Question

In a Kan simplicial set $X_\bullet$ we have the lifting property, that is for any $n$-tupel $\left(x_0,\ldots,\hat{x_j},\ldots,x_n \right)$ of $(n-1)$-simplices $x_k \in X_{n-1}$ with $d_i(x_k)=d_{k-1}(x_i)$ for $i < k$ there is a $n$-simplex $y \in X_n$ with $d_k(y)=x_k$ for $k \neq j$. Moreover $x_j:=d_j(y)$ fills in the missing $(n-1)$ simplex in the tupel above.

Now when we keep $x_j:=d_j(y)$ fixed, is $y$ unique?

In other words, is $y$ the only $n$-simplex with $d_k(y)=x_k$ for all $k$ (including $k=j$)?

Or still in other words, is a $n$-simplex uniquely determined by its boundary? (Of course it is NOT uniquely determined by the "horn" $\left(x_0,\ldots,\hat{x_j},\ldots,x_n \right)$)

Answer 1

The answer is "No, it is not unique." As a simple example consider the triangulation of a circle with two vertices and two non-degenerate edges. You can write down the associated Kan complex. If you fix the two vertices you find more than one edge that fills them.

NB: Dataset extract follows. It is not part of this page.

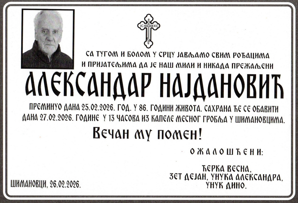 Касно синоћ 25. фебруара 2026. године код ћерке у Јакову преминуо је Александар Најдановић пензионер из Шимановаца. Александар је живео у улици Ново Насеље број 28/2/3 у Шимановцима. Рођен је 02. септембра 1940. године у Београду. Оженио се Миленом са којом је добио четири ћерке: Јасмину, Љиљану, Весну и Мирјану(+2024). Сахрана Александра Најдановића биће обављена сутра у петак 27. фебруара 2026. године. Скуп је од 12.00 часова испред капеле у Шимановцима. Опело ће почети у капели у 13.00 часова и Александар ће бити сахрањен на шимановачком месном гробљу.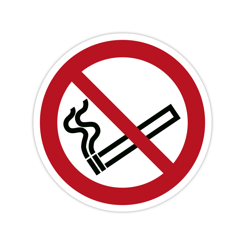 Verbotszeichen P002 "Rauchen verboten" als Aufkleber oder Schild gemäß Sicherheits- und Gesundheitsschutzkennzeichnung ASR A1.3 nach DIN EN ISO 7010.

A more flimsy example: Just take the singular complex of any topological space X that's not a point. If you take a null-homotopic map of S^n into X, there are in general a whole ton of ways to fill in S^n by a disc. It's an easy exercise to translate this argument into the language of filling in a simplex with specified boundary.